**Task item:**
Make an exact copy of the entries below with the pictures removed.

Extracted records
——————

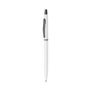 Bolígrafo de mecanismo pulsador en alegre diseño bicolor. Con cuerpo en aluminio de suave acabado en alegres colores. Accesorios y anillas en negro. Original clip en negro, de cartucho jumbo y tinta azul.
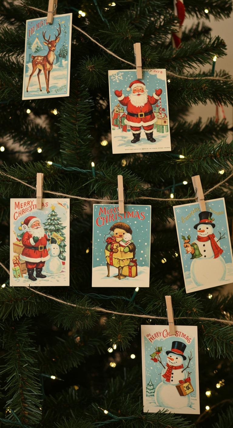 Here’s a sweet way to add maybe the most personal touch: hang vintage Christmas cards right on your tree. They bring back memories and share little stories of past holidays and loved ones. Use twine or pretty ribbon to string them up, securing each card with a small paperclip or clothespin. If you have handmade cards from friends and family, showcasing those makes your tree feel even more heartfelt and warm.
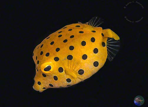 This is the only fish group that has a carapace of bony plates that functions as body armour. Cowfish have a pair of foward-pointing sharp horns above the eyes. Some species produce a skin toxin, ostracitoxin, that is and additional deterrent to predators.
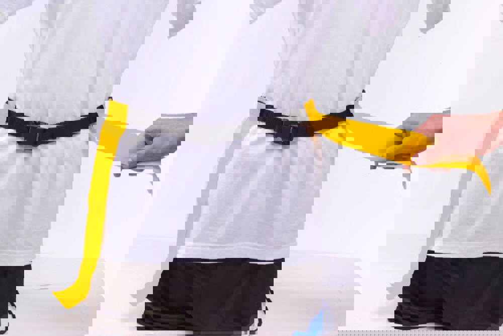 Verstelbare trainingsriem met gesp en twee stroken die vastzitten met klittenband.
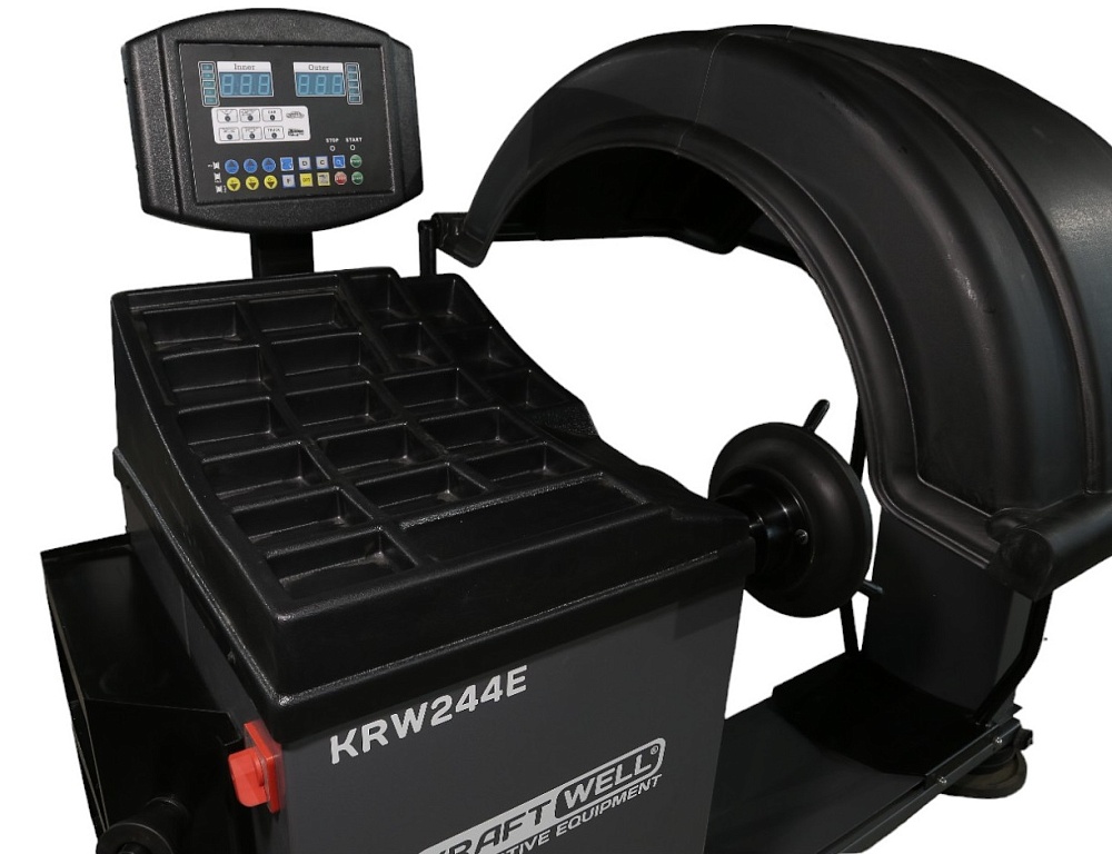 Балансировочный станок KraftWell VERTA KRW244E – обеспечивает балансировку грузовых и легковых колес до 150 кг. Ручной ввод параметров, LED-дисплей, четыре режима балансировки: ALU-1, ALU-2, ALU-4, STATIC. Пневматическое подъемное устройство, точный вал 40 мм, низкий уровень шума (<70 dB), эргономичный стол с отделениями для грузиков.
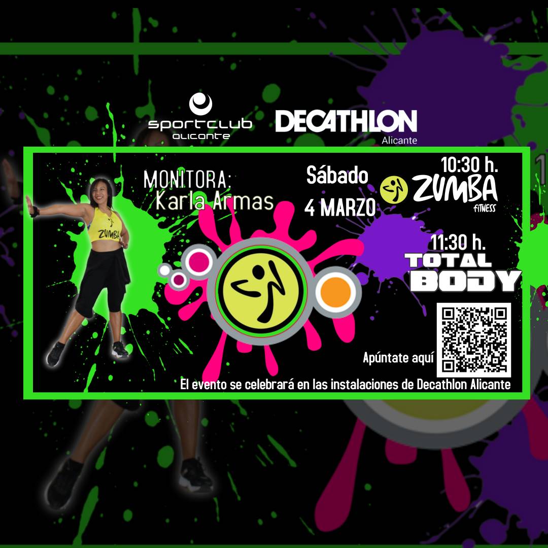 CLASES ZUMBA Y TOTAL BODY EN DECATHLON ALICANTE 27/02/2023 Ven a disfrutar el próximo 4 de marzo de las clases de Zumba (10:30h.) y Total Body (11:15h.) en Decathlon Alicante a cargo de nuestra monitora Karla Armas. La inscripción es totalmente gratuita y debes hacerla desde la plataforma de Decathlon, aquí os dejamos el enlace: https://experienciadeportiva.decathlon.es/evento/clases-de-zumba-y-total-body-alicante-id_30339?gtm_i=2?provincia=Alicante_462 Ponte en forma rodeado de deporte en Decathlon Alicante, os esperamos!!
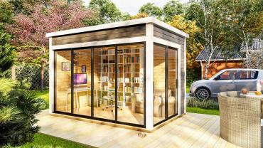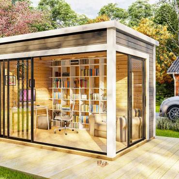 Hagekontor,lysthus, oransjeri - vår nye serie med moderne annekser med det bredeste bruksområdet! Dette luftige rommet med skyvedør lar deg nyte sommerens varme og sjarmerende dufter uten å forlate din favoritt loungestol eller sofa. I kaldt vær kan døren enkelt lukkes og blokkere vind og kulde ute, mens den fantastiske utsikten over hagen og området rundt forblir!
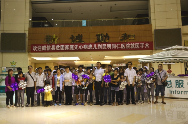 8月12日20:30, 8名先心病儿童在威信县政协张副主席的陪同下顺利抵达医院。我院段志聪院长、心外科全体工作人员等30余人在少妇色情 举行了简单的迎接仪式。省市县政协、少妇色情 领导、医护人员、患儿及家属在门诊大厅合影留念。
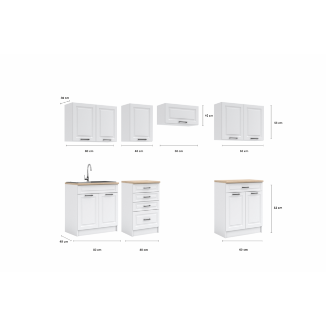 - Výška spodních skříněk: 86 cm (2,8 cm pracovní deska / 10 cm sokl)
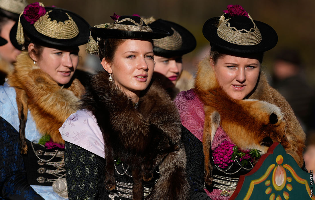 Девушки в национальных костюмах на конном параде в честь святого Леонарда в Баварии

——————

**Response area:**
 Bolígrafo de mecanismo pulsador en alegre diseño bicolor. Con cuerpo en aluminio de suave acabado en alegres colores. Accesorios y anillas en negro. Original clip en negro, de cartucho jumbo y tinta azul.
 Here’s a sweet way to add maybe the most personal touch: hang vintage Christmas cards right on your tree. They bring back memories and share little stories of past holidays and loved ones. Use twine or pretty ribbon to string them up, securing each card with a small paperclip or clothespin. If you have handmade cards from friends and family, showcasing those makes your tree feel even more heartfelt and warm.
 This is the only fish group that has a carapace of bony plates that functions as body armour. Cowfish have a pair of foward-pointing sharp horns above the eyes. Some species produce a skin toxin, ostracitoxin, that is and additional deterrent to predators.
 Verstelbare trainingsriem met gesp en twee stroken die vastzitten met klittenband.
 Балансировочный станок KraftWell VERTA KRW244E – обеспечивает балансировку грузовых и легковых колес до 150 кг. Ручной ввод параметров, LED-дисплей, четыре режима балансировки: ALU-1, ALU-2, ALU-4, STATIC. Пневматическое подъемное устройство, точный вал 40 мм, низкий уровень шума (<70 dB), эргономичный стол с отделениями для грузиков.
 CLASES ZUMBA Y TOTAL BODY EN DECATHLON ALICANTE 27/02/2023 Ven a disfrutar el próximo 4 de marzo de las clases de Zumba (10:30h.) y Total Body (11:15h.) en Decathlon Alicante a cargo de nuestra monitora Karla Armas. La inscripción es totalmente gratuita y debes hacerla desde la plataforma de Decathlon, aquí os dejamos el enlace: https://experienciadeportiva.decathlon.es/evento/clases-de-zumba-y-total-body-alicante-id_30339?gtm_i=2?provincia=Alicante_462 Ponte en forma rodeado de deporte en Decathlon Alicante, os esperamos!!
 Hagekontor,lysthus, oransjeri - vår nye serie med moderne annekser med det bredeste bruksområdet! Dette luftige rommet med skyvedør lar deg nyte sommerens varme og sjarmerende dufter uten å forlate din favoritt loungestol eller sofa. I kaldt vær kan døren enkelt lukkes og blokkere vind og kulde ute, mens den fantastiske utsikten over hagen og området rundt forblir!
 8月12日20:30, 8名先心病儿童在威信县政协张副主席的陪同下顺利抵达医院。我院段志聪院长、心外科全体工作人员等30余人在少妇色情 举行了简单的迎接仪式。省市县政协、少妇色情 领导、医护人员、患儿及家属在门诊大厅合影留念。
 - Výška spodních skříněk: 86 cm (2,8 cm pracovní deska / 10 cm sokl)
 Девушки в национальных костюмах на конном параде в честь святого Леонарда в Баварии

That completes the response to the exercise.